New industry practices are also being assessed as I write this text that would uphold ethical business conduct and our patient-focused mission in an increasingly digitized world.
Not only does the sector owe these efforts to the patients and healthcare professionals who rely on our medicines, but ethical business conduct is crucial to the biopharmaceutical industry’s ability to innovate.
Without trust and business integrity, collaboration ceases. Without collaboration, there is no innovation and no end in sight for COVID-19. As we engage to support businesses and the healthcare ecosystem to uphold integrity and ethical standards, we must also be active in communicating what we are doing and letting others help us do things right. As one of the principles of our Ethos, “accountability” is the key to building trust. It is important that patients and healthcare professionals trust that we are doing things in the right way and that we will live up to that, whatever the political pressures are. Indeed, we need to go as fast as we can but as safe as we must. We are working at record speed to condense the time from lab to bed side, but never at the expense of patient safety. We are doing so by working smarter and more collaboratively across the healthcare ecosystem and with regulators as to do things differently would mean risking to undermine trust in vaccines and treatments for COVID-19.
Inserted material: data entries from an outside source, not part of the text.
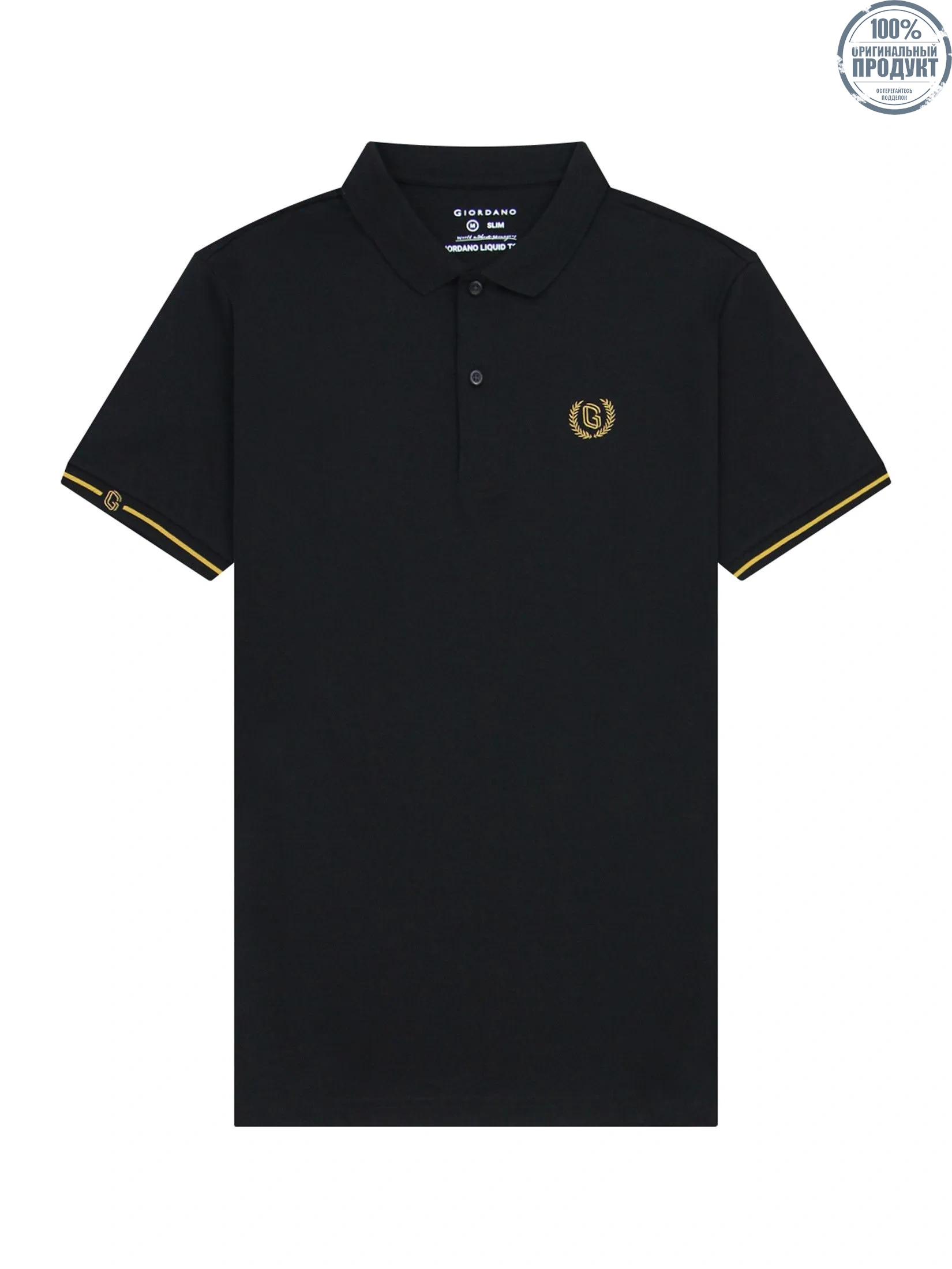 GIORDANO Men's Slim Interlock Plain Polo (Liquid Touch) Signature Black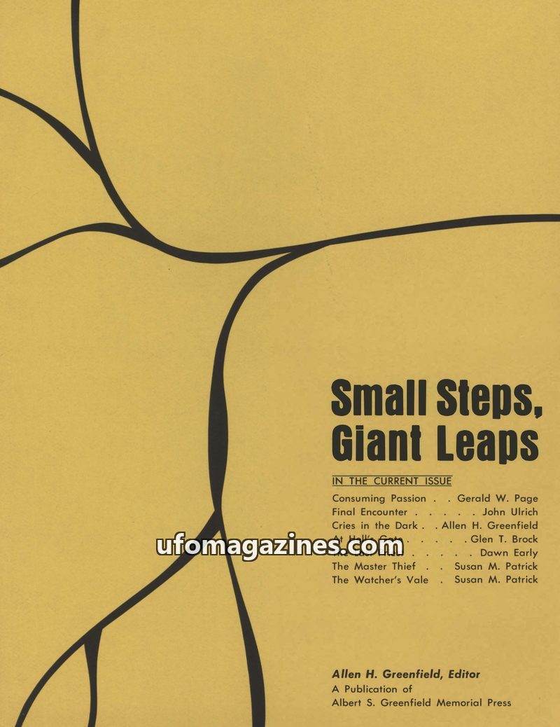 AI-generated English summaries and cover images of Small Steps Giant Leaps (Allen Greenfield) from the Archives for the Unexplained (AFU) in Norrköping, Sweden. Each entry summarises the complete contents of an issue — articles, sighting reports, interviews, key people, locations, and dates.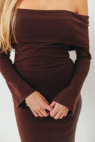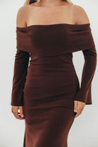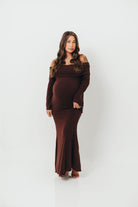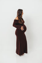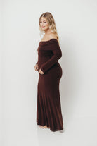 Monroe Maxi Dress with Long Sleeves in Chocolate Brown- Bump Friendly
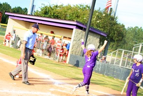 Darci Dillard is excited as she comes home after hitting a solo home run in the second inning.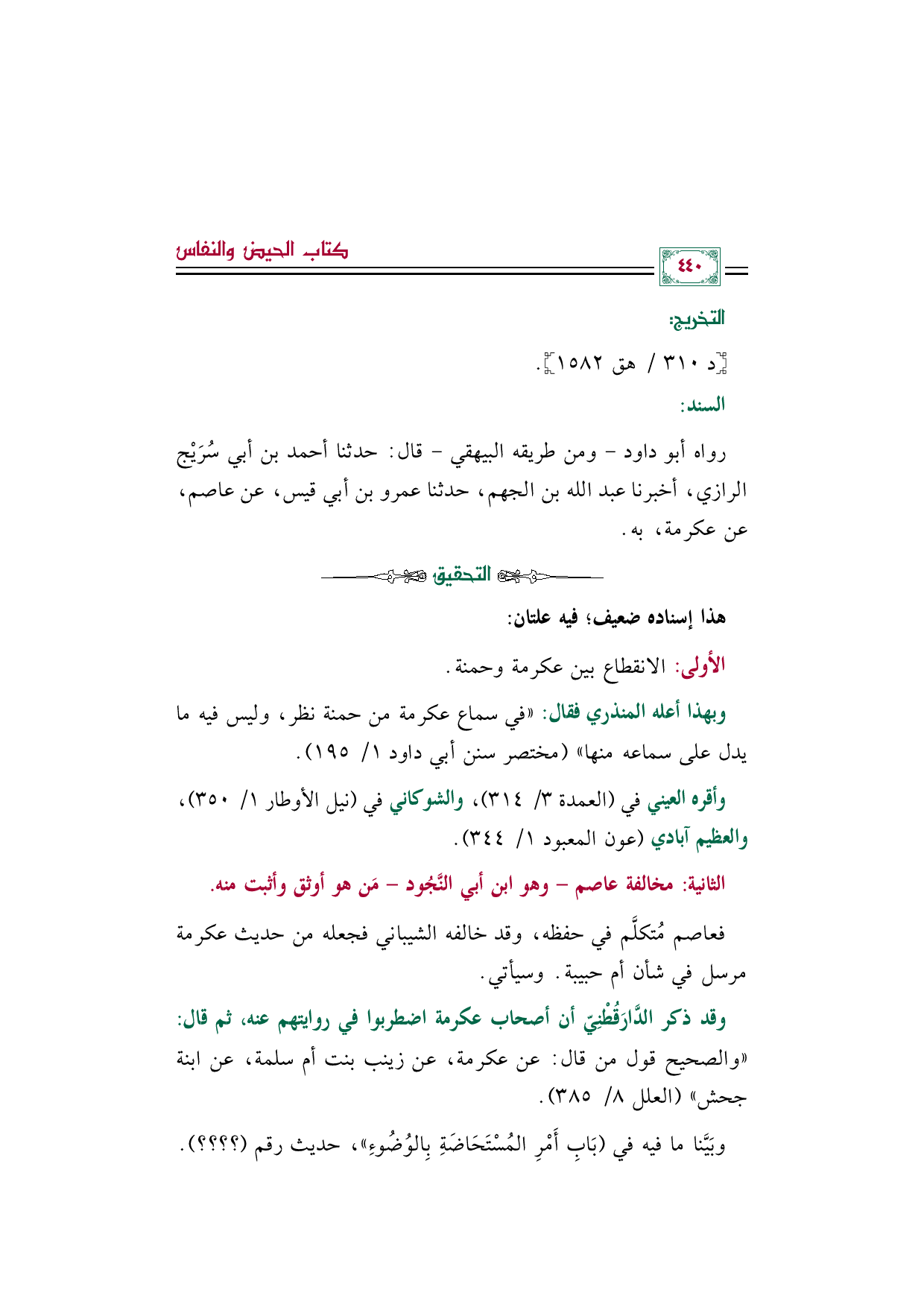 وبهذا أعله المنذري فقال: ((في سماع عكرمة من حمنة نظر، وليس فيه ما يدل على سماعه منها)) (مختصر سنن أبي داود ١/ ١٩٥).

In sum, this industry is motived by integrity at the core of its mission and the Asia-Pacific region serves a central role in this global cause. As an example, I would like to mention the APEC SME Leaders in Ethics and Integrity Program (LEIP) to help biopharmaceutical industry associations equip leaders of their SME members with resources and a valued network to reinforce a culture of integrity within their enterprise. Using a “tone-at-the-top” approach, the mission is to integrate ethics principles into daily business practices of every SME that develops, manufactures, markets, or distributes any pharmaceutical and/or biologic product. This year the Initiative is launching pilots of the LEIP in the United States and China.
The pandemic is drawing significant attention to several of the world’s largest Collective Action initiatives that are reinforcing ethical business conduct in healthcare, such as the Business Ethics for APEC SMEs Initiative.
While these successes over the past decade are worth touting and have better prepared the APAC region amidst the current pandemic, the gains made through the APEC initiative cannot be taken for granted. Far more is needed to build upon the ethical advances that have been realised, especially as APEC economies turn to a sustainable and inclusive recovery from COVID-19. Health systems will face new challenges and ethical dilemmas, expected and unexpected, born through emerging technologies, supply chain evolution, and even higher expectations from society. Constantly evolving and incomplete evidence on new and repurposed therapies poses ethical challenges somewhat unique to this time in history as healthcare providers struggle to keep up with daily developments and manufacturers and biopharmaceutical representatives try and figure out how and when to scale production and increase promotion. Will most economies and businesses return to the pre-crisis status quo or will best practices emerge and be universally adopted? While it may be difficult to predict, we must set the course already and raise the bar even higher. This requires building back better than before, pursuing ambitious, forward-looking goals with strengthened ethics guidance. Long after the crisis has ended, society will see and applaud this integrity.